The Dunolly Town Hall was built in 1884 as a Courthouse with the hall added at the rear in 1892. At the time the Town Hall was located on the corner of Market and Bull Streets, the building now called the Court House. In 1890 the use of both buildings was swapped over. A marble plaque on the front wall of the Town Hall commemorates Queen Victoria’s reign and a monument in front commemorates her death.
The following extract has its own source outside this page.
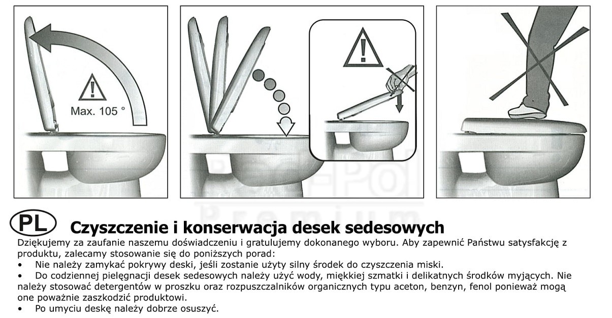 Użytkowanie i konserwacja deski sedesowej. Aby zapewnić długą żywotność, bezawaryjne działanie oraz higieniczne warunki użytkowania deski sedesowej, zalecamy przestrzeganie poniższych wskazówek:
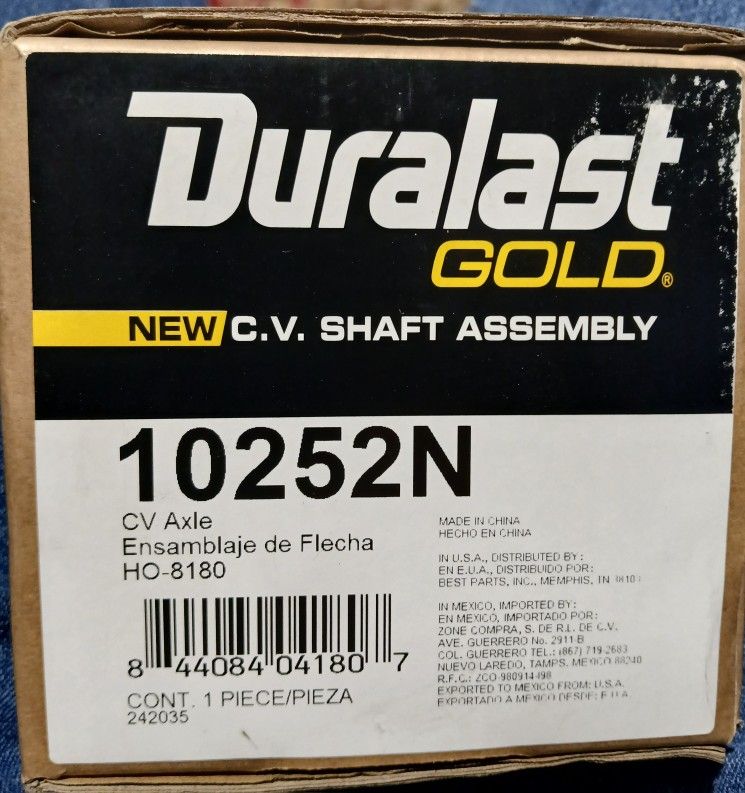 Bought this new from autozone however was not able to get the old one out of the transmission so I scrapped the car and now I have a new CV axle that is still new in the box. You can look it up on https://offerup.com/redirect/?o=YXV0b3pvbmUuY29t for details. My car was a 2007 Honda Accord EX, Automatic transmission, V6 motor. It's a Duralast Gold CV Axle Assembly part #10252N passenger side, new not remanufactured. $113.99 plus tax is what I paid.

There is a plaque on a pillar noting the success of a peace loan in 1919. On November 1st 1921 the Borough of Dunolly merged with the Shire of Bet Bet.(The town area and Shire were separatly governed)
 
 

 
Town Hall Interior
 
Painter of the Town Hall backdrop was Eddie Coombes.With its depiction of Dunolly Castle in Scotland, it lay under the stage of the hall gathering dust before being rehung in the front section in 2006. The rear section of the hall is frequently used for local events and is available for hire, as is the front section.
 
 

 
Tidswell Saddler
Broadway
 
William Tidswell’s was a saddlery for many years employing five people in the 1880s. Here, during the rush of 1856, was the tent of Julius Vogel. Vogel was a chemist and went on to become the Premier of New Zealand. 
 

 

 

 
 
Anglican Church and Hall
Corner of Market and Thompson 
St John’s Anglican Church was completed in 1869 with the roof finished with a ₤300 loan from the discoverers of the Welcome Stranger nugget, John Deason and Richard Oates.  The picture below far left shows construction in 1868. The stained glass window had small panels added as a WW1 memorial. Inside is an 1879 Fincham organ, original except for its motorised blower.  The smaller building at right rear is the Anglican Hall, opened in May 1858 as a Church of England School. Picture below left shows the school in 1861. The hall became a common school after the May 1862 Common Schools Act provided government funding, provided that religious instruction was not compulsory.  The Vicarage in adjacent Market Street is gothic in style and built prior to the church in 1865, to attract a suitable person.
 
 

 
Catholic Church
Corner of Alice and Hardy
 
St. Mary’s Catholic Church was opened in 1871 and is built of sandstone quarried in the nearby hills and granite from Mt. Hooghly. The steeple on this attractive building was only added in 1980.
 
 

 
Weslyan Church (Uniting Church)
Corner of Market and Tweeddale
 
There are three buildings in this church complex. The Wesleyan Church was opened in 1863. The Weslyans were early arivals in Dunolly, as they were on many goldfields. The early timber church building was errected beore the town survey of 1857 and was somewhere where the adjacent crossroad is now. In front of the church is a Golden Way information board. The grounds are used for a car boot sale held on the 2nd Saturday of each month.
 

 
Jubilee School and Infant School
 
The Wesleyan Jubilee Sunday school built in 1887 is now the Uniting Church op-shop. If the op-shop is open, have a look inside; there are small alcoves along each side that could be closed off as classrooms. The Wesleyan Infant School was opened in 1905. Both school buildings have marble plaques set in the walls comemorating prominant citizens of the town and church. 
 

 
 
The RSL Hall Corner Hardy and Barkly
 
  The RSL Hall was originally built as the Presbyterian Church and opened on October 25th 1865. William Footer designed the church.To the right, not shown, is the manse built in 1868. In front of the hall is a pine tree grown from the Lone Pine of Gallipoli fame.